Sheriff Jonathan Horton says Clayton Carl Kelley, 53, of Putnam County, Georgia, was arrested on 11 counts of Possession of Child Pornography, two counts of Electronic Solicitation of a Child, two counts of Transmitting Obscene Material, and two counts of Contributing to the Delinquency of a Minor.
The Etowah County Sheriff’s Office says Kelley was already a registered sex offender in Georgia. He was charged and pled guilty to indecent exposure in 2019 in Calhoun County.
Patricia Falcon, the Executive Director of the James M. Barrie Center in Gadsden says cases like these involving crimes against children happen way too often. She says the center sees about 300 children annually.
“We certainly see many children with allegations of child sexual abuse or severe physical abuse or even children who have witnessed a violent crime in their community. They come to have a forensic interview,” says Falcon. “Children that have been a victim of child pornography or been involved in distribution someway of child sexual abuse material. Even human trafficking.”
In cases like these, the child advocacy center works closely with victims, their families and law enforcement.
“It’s a comprehensive approach,” says Falcon, “and it’s set up so that the child does not have to go and tell their trauma.

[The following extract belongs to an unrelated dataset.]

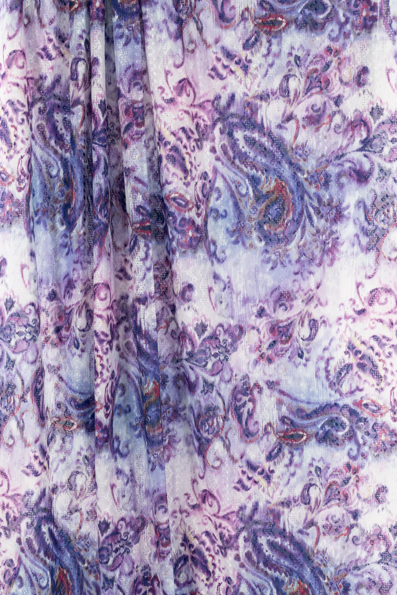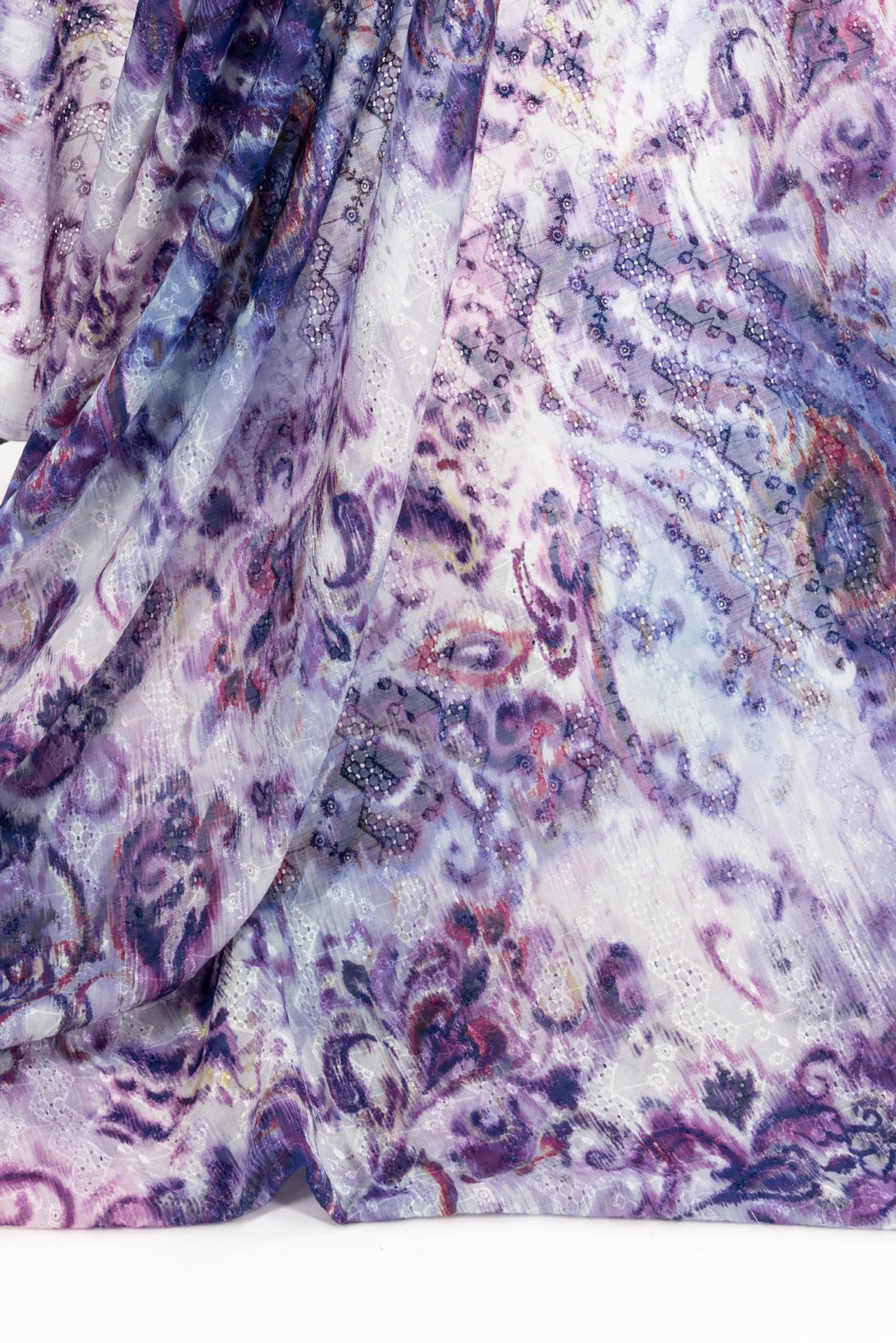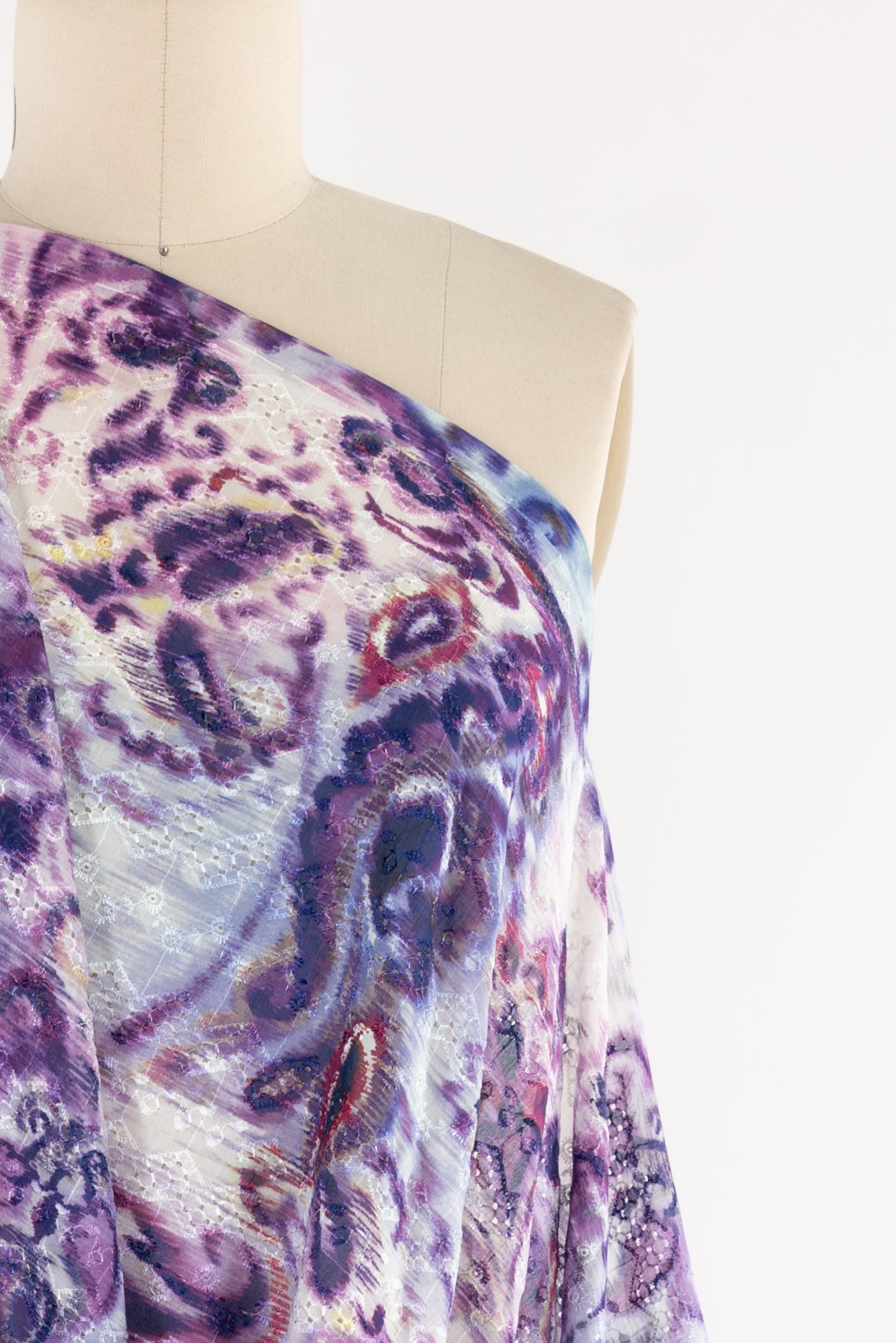 Stunning purple paisley and floral is printed on a fine white silk/cotton eyelet lawn. Lightweight, semi-sheer, with a softly textured silky hand, 31¼" repeat and supple airy drape - the embroidery adds a bit of weight to the drape. Right for a dress, shirt, blouse, tunic, caftan, kimono, caftan or children's. Limited quantity available.

Their history of what’s just happened to them to multiple people. We want to make sure they have that safe place to come talk to one person. And we’ll hopefully prevent them from having to repeat their trauma to other people over and over. Which can be more traumatizing.”
Falcon wants to remind parents to remain vigilant and have open conversations with their children.
“Talking to children about safe and unsafe people,” says Falcon. “Talking to kids about things that might make them uncomfortable. It might be a hug or something like that. A kiss that they don’t want to give but they feel obligated to do. It’s okay for children to say no and most importantly, parents talk to children about who to tell. Who are safe people that they can tell.”